# I need some help finding this gorgeous dress



## cupcake_x (Feb 4, 2009)

I'm DYING to find this dress as I'm going to a wedding in a few months and think this would look lovely. 
If someone could help, that would be lovely. It doesn't HAVE to be blue, I just adore the cut and length. I've tried many sites as well as googling but no luck 
	

	
	
		
		

		
		
	


	




Thanks in advanced!


----------



## TISH1124 (Feb 4, 2009)

it is probably one from her own clothing line ...it is beautiful


----------



## gillianw2 (Feb 4, 2009)

that's the christina dress from her own collection.. you can find it at singer22.com, hope that helps


----------



## cupcake_x (Feb 4, 2009)

Thanks so much!
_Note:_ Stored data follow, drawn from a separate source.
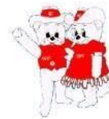
полярные медведи Хайди и Хоуди 1988г. Калгари (Канада)
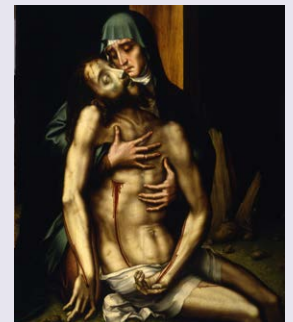
Luis de Morales - « Pieta »

Vandaag verricht ik een daad van liefde in vereniging met het lijden van Christus.
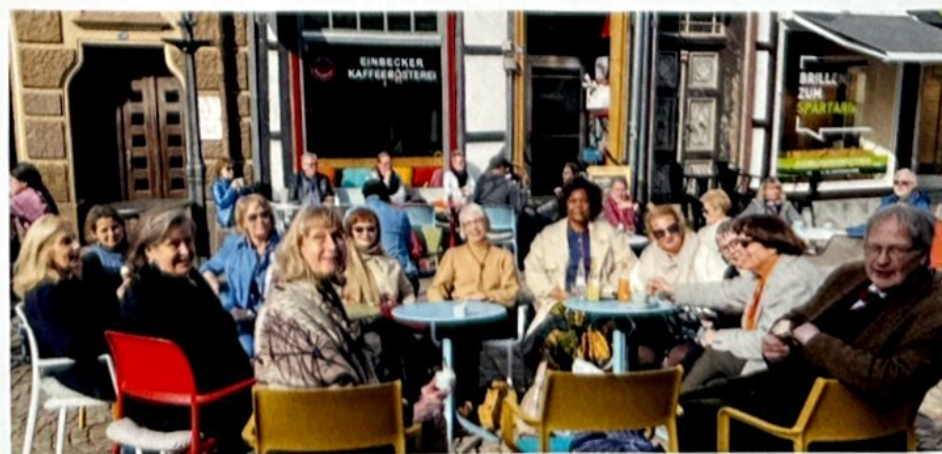
▲ Sightseeing-Pause in Einbeck

führung und Mittagessen bei der Firma KWS Saat SE - weltweit viertgrößter Hersteller von Saatgut landwirtschaftlicher Nutzpflanzen - bildete den Abschluss der Reise, bevor ein Oldtimer-Bus die WIB-Gruppe zum Bahnhof Einbeck brachte.
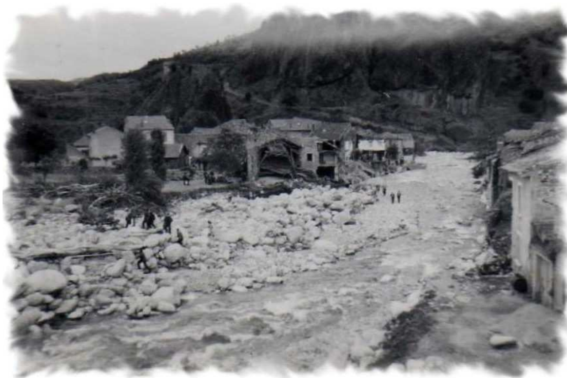
Crue de la Seuge du 16 juin 1951

Plan de Prévention du Risque Inondation de l'Allier, de la Besque et de la Seuge
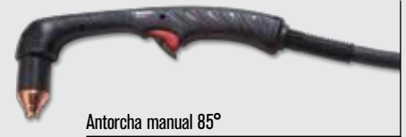
Antorcha manual 85°

(para ver más opciones de antorchas, visite www.hypertherm.com )
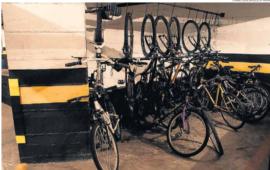
Garagem. Ativistas aprovam norma, mas lamentam que só edifício novo tenha sido incluído

As únicas exceções dispensadas de obedecer à nova obrigação são as que não têm estacionamento e estão em ruas on-
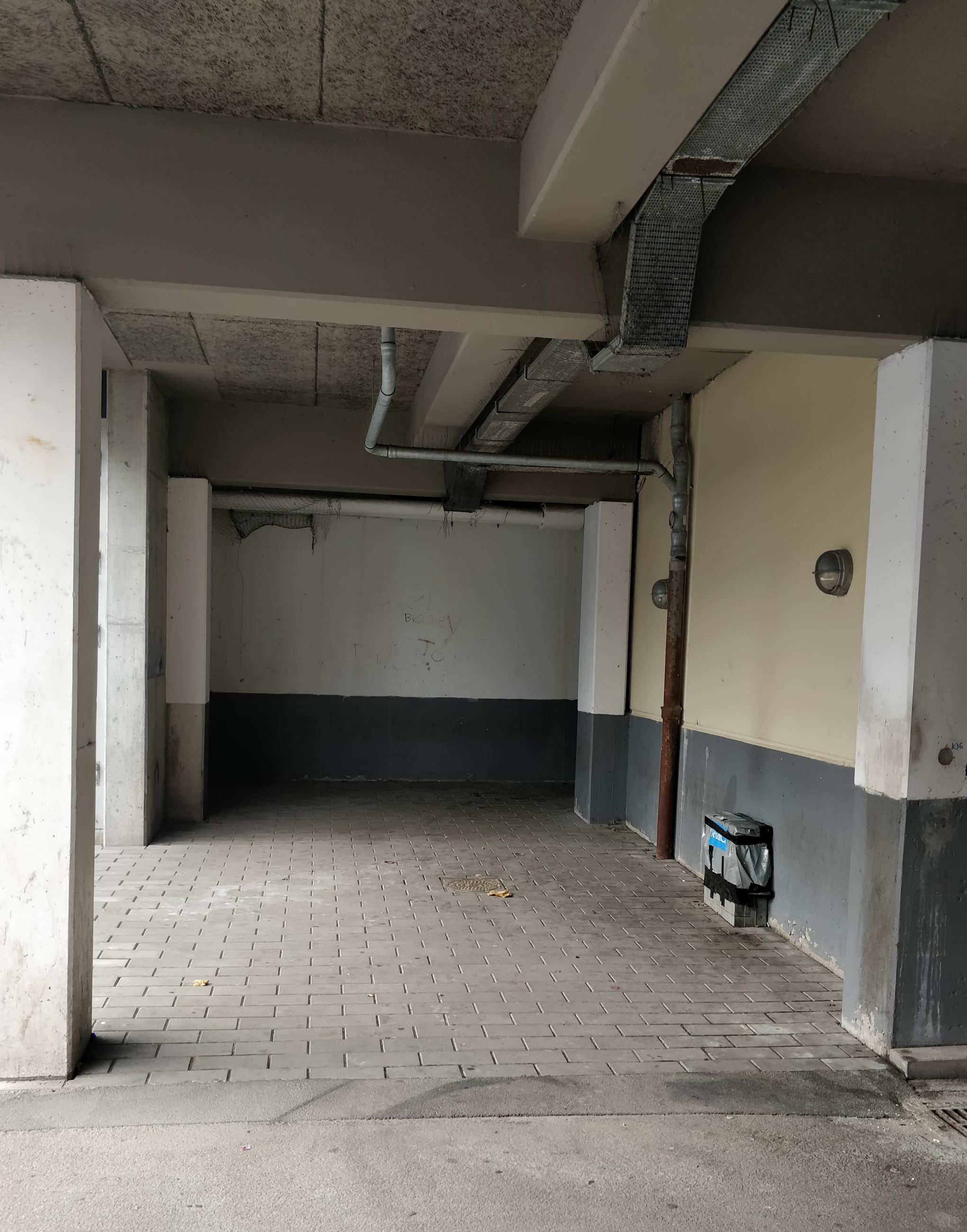
Dette er blandt andet et af hjørnerne jeg har set slagsmål, det sker ikke kun på sådan nogle hjørner men det sker også I forskellige kældre, hvor der ikke er video overvågning.

I'm going to check it out


----------



## kaliraksha (Feb 4, 2009)

Here is a direct link: Lauren Conrad Christina Dress in Blue Moon or Black @ Singer22


----------



## cupcake_x (Feb 4, 2009)

Thanks hun.


----------



## Natashaaa (Mar 3, 2009)

well i agree with the girls lauren has designed it ..but i think that due to her fame her clothing line is very expensive..i really love a strapless maxi dress of her and im thinkning ill have to fin d a modelist to make it for me...


----------